First things first, my name is Megan, or as they like to call me here in the land of smiles, Teacher Meg! I am from upstate New York but this October, I decided to pack my bags to see more of what this world has to offer me. I have always known that traveling and experiencing new cultures was something that I was interested in, and with the covid-19 pandemic hitting during my freshman year of college, those plans to travel were delayed until after graduation. I landed on Thailand as my destination simply because it was foreign to me. I had traveled to Europe before and knew in my heart that it was time to see more.
When I first arrived here, I was welcomed by so many people from the CIEE/OEG family. I met people who are doing the same thing that I am and we got to spend so much time together learning about Thailand and all it has to offer. OEG puts on an incredible orientation schedule filled with Thai language, history, cooking classes, boxing and dancing, and even an excursion to the Grand Palace.
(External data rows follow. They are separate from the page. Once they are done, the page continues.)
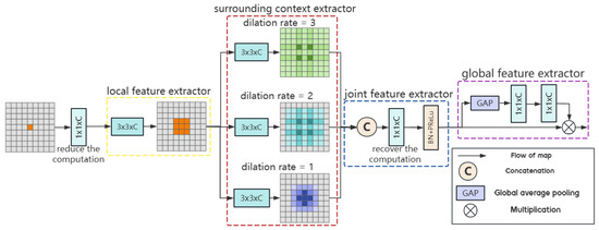 EACA module: Figure 3 shows the architecture of this module. The architecture consists of three parts: (1) An atrous spatial pyramid, which consists of several convolutions: one 3 × 3 normal convolution is used to perform the local feature extractor, which is inside the yellow dashed box, and three 3 × 3 atrous spatial convolutions in the red dashed box, with dilation rates of 1, 2, and 3, are set to increase the perceptual field, acting as the surrounding context extractor. (2) Joint feature extractor: after concatenating the feature maps output from the atrous spatial pyramid, the resultant is passed through batch normalization (BN) and the parametric rectified linear unit (PReLU) to speed up the convergence and alleviate the problem of a potential vanishing gradient in the deep network to a certain extent, corresponding to the blue dashed box. (3) Global feature extractor: the global average pooling is first used as a weighted vector for fine-tuning the joint features channel by channel to emphasize the useful elements and compress the useless ones; then, two layers of fast one-dimensional convolution are used to generate channel attention so that the global context is further extracted based on no dimension reduction; finally, a scale layer is used as the subsequent layer of BN to scale and shift the normalized parameters, re-weight the joint features and correct the features, and retain the valuable features to achieve the purpose of improving the feature expression ability, corresponding to the purple dashed box.
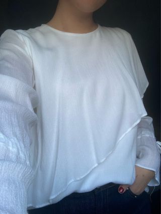 Elegante blusa blanca. - Tejido ligero y vaporoso. - Mangas acampanadas con detalle de lazada. - Capa superpuesta asimétrica en el delantero.
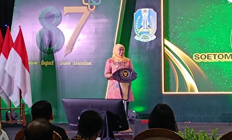 Khofifah mengingatkan pentingnya kesiapan SDM menghadapi lompatan teknologi, termasuk kecerdasan buatan.
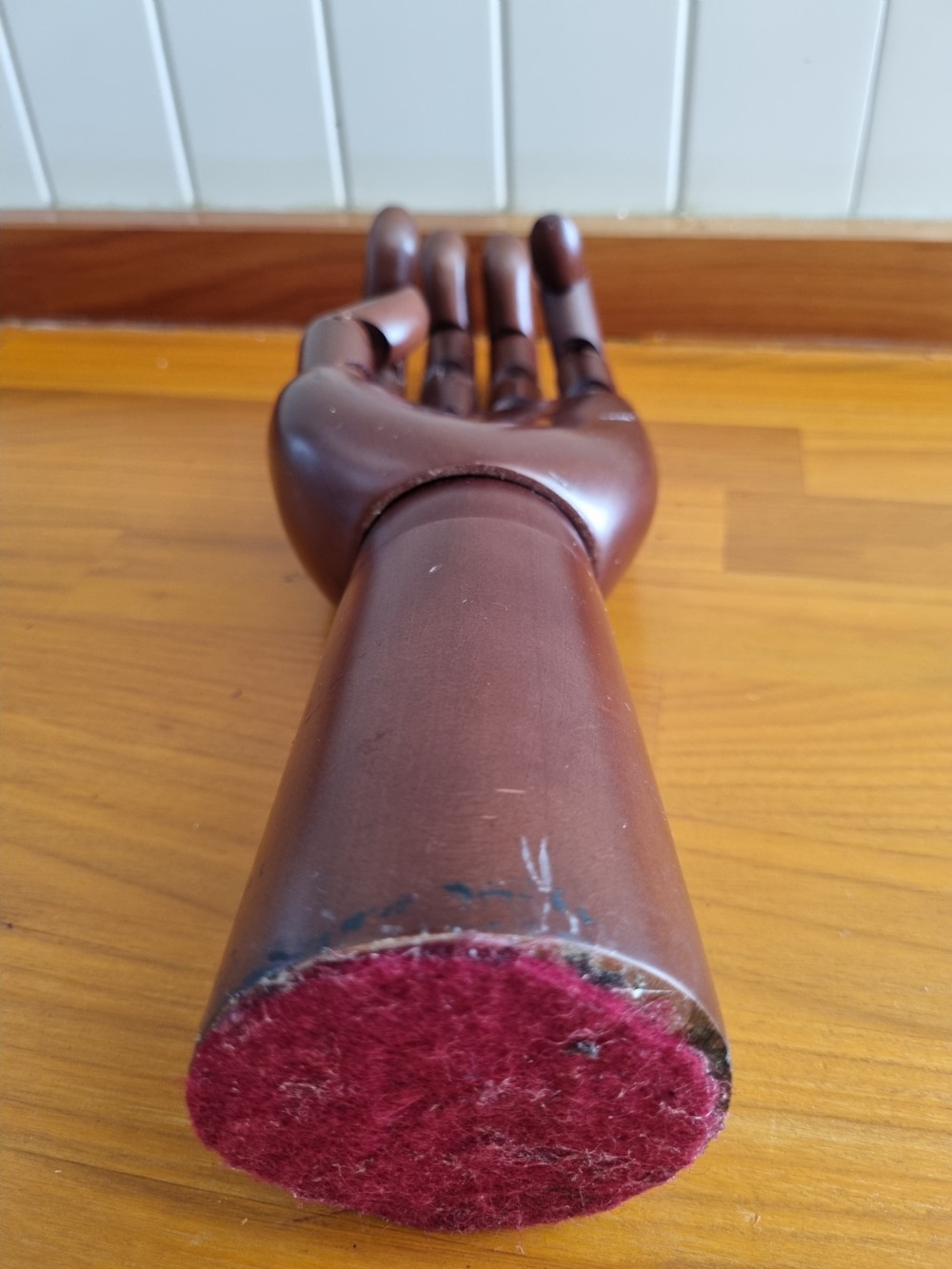 FROM A COLLECTION OF ODDITIES A 32CMS H WOODEN ARTICULATED GLOVE DISPLAY STAND.

The bonds you will make during this short time in orientation are ones that you will hold onto for a long time. It creates a support system that I know I wouldn’t have had without this program. It was very difficult leaving those people to branch off to our own schools in their own parts of the country, but alas, that is what we signed up for!
Arriving at my school is when reality hit. I wasn’t in a hotel anymore with a bunch of the friends I had made. I was alone in my own apartment, for the first time ever in life. Most people would maybe try living alone in their home country first, but hey, go big or go home right?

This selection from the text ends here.